The fully reusable CZ-9 is a long-term project (at this stage, it’s essentially a preliminary study). It’s highly unlikely that it will fly unless the core problem of deploying large payloads to and from space is solved. (China has many options for second-stage reuse, and validating these technologies doesn’t need to be done on a 10-meter heavy-lift rocket).
To understand the evolution of the CZ-9 design philosophy, you must first look at the Saturn V heavy-lift rocket and one of its design configurations (an unrealized blueprint): the clustered version of Saturn V. The Long March 9 has always followed this line of thinking.
You can insist that China copied Starship, but I can’t be bothered to argue. As I’ve said, those who truly understand rockets look at the design philosophy and thought process—not the appearance. You can’t even grasp the differences in external appearance, so to me, your discussions about rockets are on the same level as saying “a car has four wheels.”

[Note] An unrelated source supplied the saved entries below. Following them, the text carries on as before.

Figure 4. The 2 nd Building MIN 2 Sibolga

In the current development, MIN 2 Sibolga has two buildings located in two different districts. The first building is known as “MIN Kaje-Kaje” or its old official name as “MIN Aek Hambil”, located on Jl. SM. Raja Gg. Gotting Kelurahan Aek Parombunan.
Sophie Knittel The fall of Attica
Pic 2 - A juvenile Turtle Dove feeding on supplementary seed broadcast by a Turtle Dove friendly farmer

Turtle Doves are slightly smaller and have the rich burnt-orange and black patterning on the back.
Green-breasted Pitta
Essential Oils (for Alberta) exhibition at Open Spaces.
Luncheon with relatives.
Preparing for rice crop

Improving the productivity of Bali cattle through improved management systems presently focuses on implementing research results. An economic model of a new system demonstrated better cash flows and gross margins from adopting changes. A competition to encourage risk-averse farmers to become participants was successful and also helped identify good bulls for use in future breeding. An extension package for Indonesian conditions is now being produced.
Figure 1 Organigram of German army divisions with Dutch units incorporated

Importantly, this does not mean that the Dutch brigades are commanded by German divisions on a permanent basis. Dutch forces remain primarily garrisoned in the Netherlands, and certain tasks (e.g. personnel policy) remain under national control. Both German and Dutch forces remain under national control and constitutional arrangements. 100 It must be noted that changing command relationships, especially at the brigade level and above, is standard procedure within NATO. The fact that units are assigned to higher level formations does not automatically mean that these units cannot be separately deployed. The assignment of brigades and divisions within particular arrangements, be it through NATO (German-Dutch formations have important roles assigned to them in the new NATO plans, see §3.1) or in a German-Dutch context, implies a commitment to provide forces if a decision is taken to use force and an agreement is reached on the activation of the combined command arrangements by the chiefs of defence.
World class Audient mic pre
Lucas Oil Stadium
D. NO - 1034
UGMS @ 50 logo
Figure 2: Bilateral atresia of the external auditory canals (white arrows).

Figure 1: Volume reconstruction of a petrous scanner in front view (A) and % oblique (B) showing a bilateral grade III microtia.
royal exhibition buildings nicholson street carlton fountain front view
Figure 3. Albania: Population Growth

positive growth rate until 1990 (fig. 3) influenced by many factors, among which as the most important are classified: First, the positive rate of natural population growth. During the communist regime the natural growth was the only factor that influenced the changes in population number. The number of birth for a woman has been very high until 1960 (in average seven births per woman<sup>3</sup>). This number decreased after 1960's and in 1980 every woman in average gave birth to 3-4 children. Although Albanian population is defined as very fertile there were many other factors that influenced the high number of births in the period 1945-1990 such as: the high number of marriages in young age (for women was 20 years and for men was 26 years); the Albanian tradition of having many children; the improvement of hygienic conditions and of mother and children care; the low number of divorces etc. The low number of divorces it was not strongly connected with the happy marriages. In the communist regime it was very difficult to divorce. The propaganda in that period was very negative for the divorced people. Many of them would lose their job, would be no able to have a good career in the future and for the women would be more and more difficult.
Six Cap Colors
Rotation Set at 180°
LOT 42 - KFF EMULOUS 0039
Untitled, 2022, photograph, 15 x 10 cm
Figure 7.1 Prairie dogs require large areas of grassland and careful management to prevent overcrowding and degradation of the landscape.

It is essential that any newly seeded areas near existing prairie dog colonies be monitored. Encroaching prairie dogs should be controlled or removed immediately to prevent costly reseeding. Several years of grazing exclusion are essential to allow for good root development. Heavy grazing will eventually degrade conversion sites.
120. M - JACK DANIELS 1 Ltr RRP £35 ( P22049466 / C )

You fundamentally don’t understand the difference between a three-stage and a two-stage rocket, nor the difference between a clustered Saturn V and a stick version of Saturn V. Your understanding of the Energia rocket and the Space Shuttle system is also superficial; you mostly fail to comprehend the differences beyond their appearance.
Not to mention, why does Starship v1’s second stage need 1,200 tons of propellant, while China’s CZ-9’s second stage only carries 600 tons? Only when you understand why CZ-9 is willing to have a second stage with just 600 tons of propellant can you grasp why China’s true top-tier experts do not approve of Starship’s design (the general internal structure of CZ-9 is publicly available and officially endorsed, representing official approval of a small second-stage design).
If you can’t sort through these issues, you will never understand why I say Starship is a poorly designed system.
To put it in perspective: China’s premise for a 100-ton LEO payload is a total launch mass of 4,400 tons. Starship, at 5,000 tons, still hasn’t achieved a 100-ton LEO payload capability.
In other words, literally the largest volume in the world.
In fact, when Saturn V launched Skylab, its payload capability exceeded that of Starship. The concept of Starship’s payload bay volume is an anomaly—it is the volume of a
closed payload bay. Everyone else’s payload bays can open completely. They can launch a single payload that nearly fills the entire bay volume.
You can choose to conflate the volume of a closed payload bay with actual payload deployment capability, but that’s your choice. Unfortunately, that doesn’t change the professional consensus across the entire industry: Starship’s current practical payload capability for general-purpose satellites is effectively zero.